Maria Gabriella Micale

(Università degli Studi di Roma “La Sapienza”, Rome, Italy)

Since European archeological activities started in the 19th century, efforts to reconstruct the images of ancient Near Eastern cities in publication have affected the character of both the production and diffusion of discoveries to the general public and the scholarly world. During the course of time, the practice of creating likely images, not only of decorative apparata but for mostly of architectural remains, has become a “traditional” practice. At the same time, creating images is a crucial device that archaeologists and other scholars have developed and still develop to hypothesize, manage, perform, visualize and hand down the quantities of data that they produce. If the assumptions and aims of architectural reconstruction did not completely change from the 19th century until today, the development of technology has gradually affected them, turning a mere image into a virtual reality.

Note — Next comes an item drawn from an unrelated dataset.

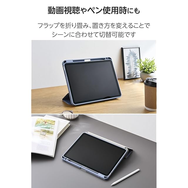 商品名:エレコム iPad Air 11インチ (M3/M2) 10.9 (第5世代 第4世代) ケース Apple Pencilスタンド付き 衝撃吸収 スリープモード ブルーグレー TB-A25MSABG
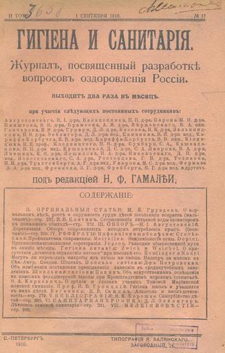 | Keywords: Гигиена и санитария. 1910. №17. — Тит. лист.jpg Image page PD-RusEmpire Magazines of Russia 1910 Title pages from Russia Medical journals Title pages uploaded by Steven Pavlov from various sources Magazines published in Saint Petersburg Magazines of Russia to be categorised by name |

This paper aims at presenting an analytical investigation of some recent experiences in the field of the digital architectural reconstructions. The analysis mainly emphasizes the role of both real and mental sources of reconstructed contexts, recognizing and “disentangling” their components. Thus, we must start from a structuralist analysis of the whole of the archeological and architectural data in each case, in order to explain the nature of each architectural context and so render it in return to its most likely image. Thus, it is possible to bring together the reconstructed components of the whole context and look at it in the light of its complex nature, its limits and contradictions. This is also the start of a new and maybe even more “real” intellectual experience of Mesopotamian architecture.